Problem details: The reply should be an exact repeat of the listing, with no pictures in it.

Dataset content:

# # # # # # #

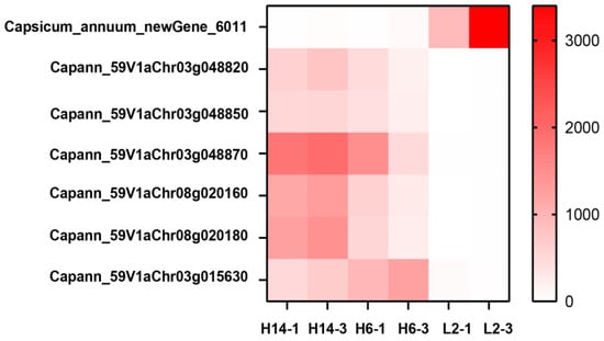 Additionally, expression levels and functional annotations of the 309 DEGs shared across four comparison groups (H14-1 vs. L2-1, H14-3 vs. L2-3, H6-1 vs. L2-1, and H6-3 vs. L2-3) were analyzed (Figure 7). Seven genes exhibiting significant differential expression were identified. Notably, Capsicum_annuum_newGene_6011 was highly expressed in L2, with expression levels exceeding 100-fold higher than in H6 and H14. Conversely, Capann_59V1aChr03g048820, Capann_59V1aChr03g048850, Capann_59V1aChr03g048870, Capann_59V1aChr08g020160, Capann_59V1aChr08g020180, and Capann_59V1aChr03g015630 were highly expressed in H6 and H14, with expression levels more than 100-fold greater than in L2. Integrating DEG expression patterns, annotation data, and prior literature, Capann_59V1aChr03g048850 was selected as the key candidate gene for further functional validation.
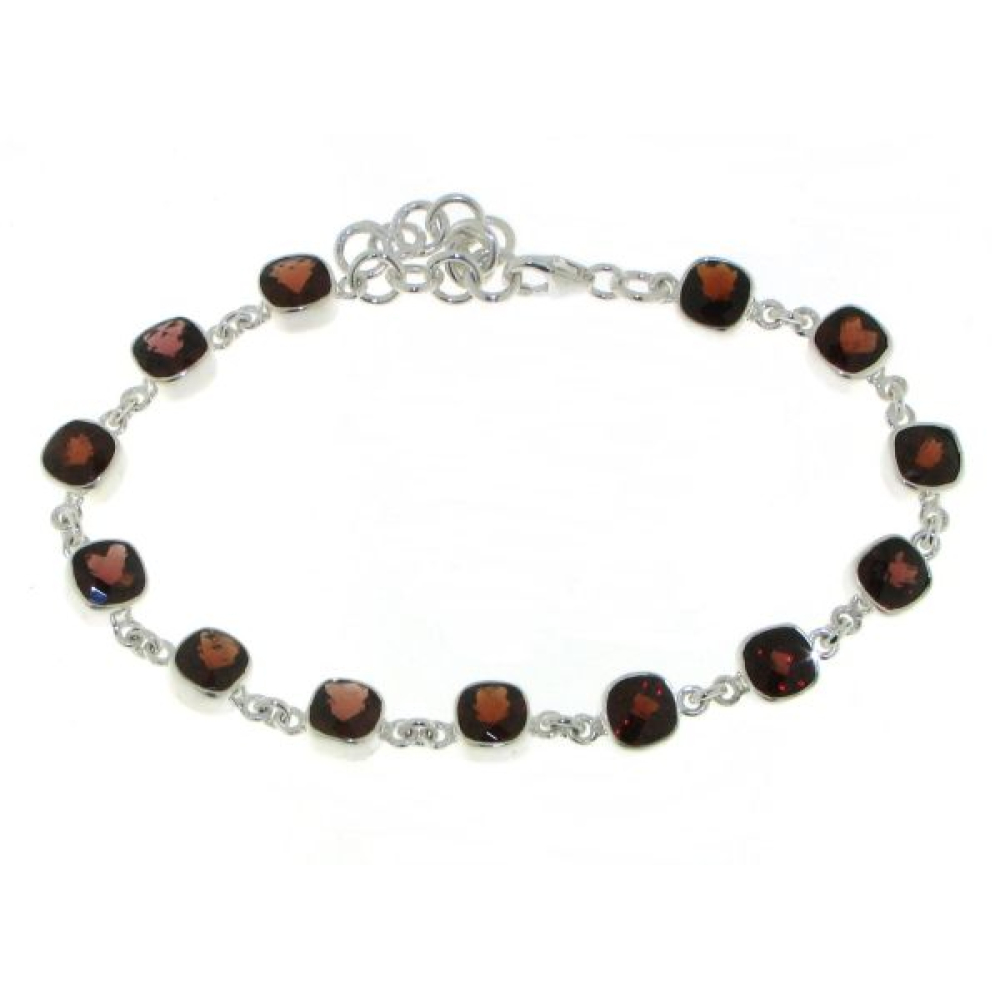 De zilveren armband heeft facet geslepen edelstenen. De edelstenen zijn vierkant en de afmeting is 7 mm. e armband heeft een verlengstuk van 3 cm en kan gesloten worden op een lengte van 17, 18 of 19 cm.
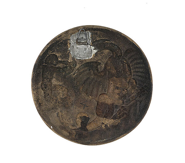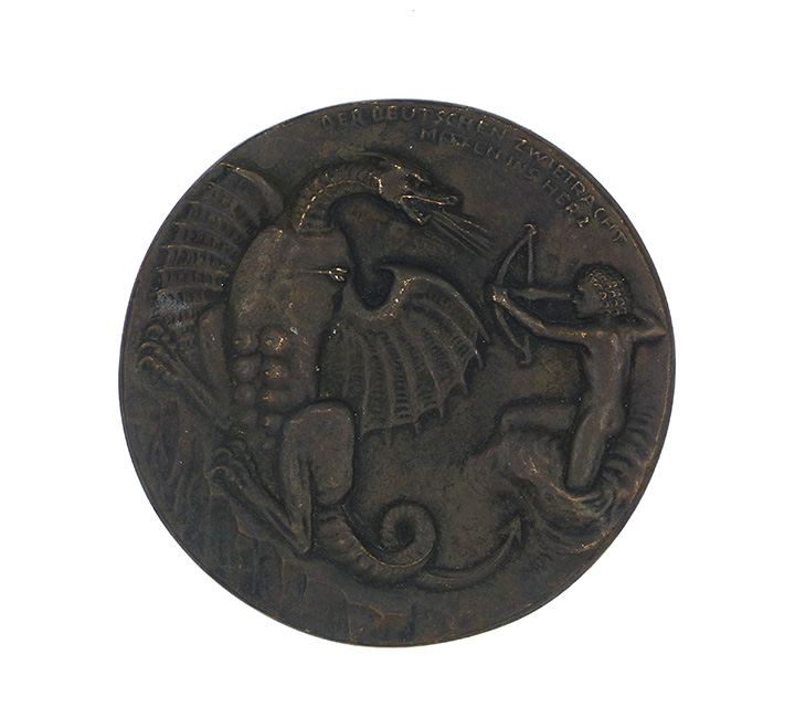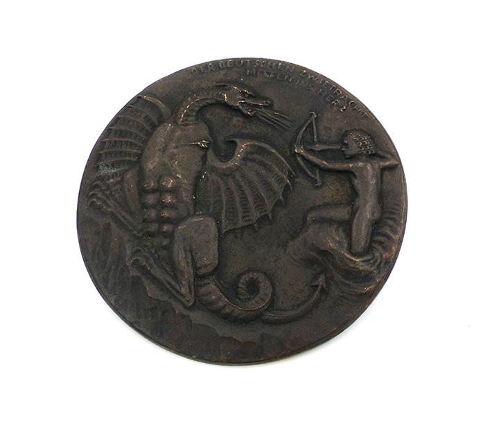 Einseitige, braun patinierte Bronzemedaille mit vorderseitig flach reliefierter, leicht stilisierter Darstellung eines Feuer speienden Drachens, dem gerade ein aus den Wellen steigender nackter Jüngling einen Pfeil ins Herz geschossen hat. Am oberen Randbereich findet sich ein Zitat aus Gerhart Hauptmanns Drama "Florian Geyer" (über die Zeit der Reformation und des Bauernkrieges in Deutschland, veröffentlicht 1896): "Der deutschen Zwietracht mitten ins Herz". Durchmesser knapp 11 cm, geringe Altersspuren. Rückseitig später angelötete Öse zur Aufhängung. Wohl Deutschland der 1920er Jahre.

# # # # # # #

Result of the exercise:
 Additionally, expression levels and functional annotations of the 309 DEGs shared across four comparison groups (H14-1 vs. L2-1, H14-3 vs. L2-3, H6-1 vs. L2-1, and H6-3 vs. L2-3) were analyzed (Figure 7). Seven genes exhibiting significant differential expression were identified. Notably, Capsicum_annuum_newGene_6011 was highly expressed in L2, with expression levels exceeding 100-fold higher than in H6 and H14. Conversely, Capann_59V1aChr03g048820, Capann_59V1aChr03g048850, Capann_59V1aChr03g048870, Capann_59V1aChr08g020160, Capann_59V1aChr08g020180, and Capann_59V1aChr03g015630 were highly expressed in H6 and H14, with expression levels more than 100-fold greater than in L2. Integrating DEG expression patterns, annotation data, and prior literature, Capann_59V1aChr03g048850 was selected as the key candidate gene for further functional validation.
 De zilveren armband heeft facet geslepen edelstenen. De edelstenen zijn vierkant en de afmeting is 7 mm. e armband heeft een verlengstuk van 3 cm en kan gesloten worden op een lengte van 17, 18 of 19 cm.
 Einseitige, braun patinierte Bronzemedaille mit vorderseitig flach reliefierter, leicht stilisierter Darstellung eines Feuer speienden Drachens, dem gerade ein aus den Wellen steigender nackter Jüngling einen Pfeil ins Herz geschossen hat. Am oberen Randbereich findet sich ein Zitat aus Gerhart Hauptmanns Drama "Florian Geyer" (über die Zeit der Reformation und des Bauernkrieges in Deutschland, veröffentlicht 1896): "Der deutschen Zwietracht mitten ins Herz". Durchmesser knapp 11 cm, geringe Altersspuren. Rückseitig später angelötete Öse zur Aufhängung. Wohl Deutschland der 1920er Jahre.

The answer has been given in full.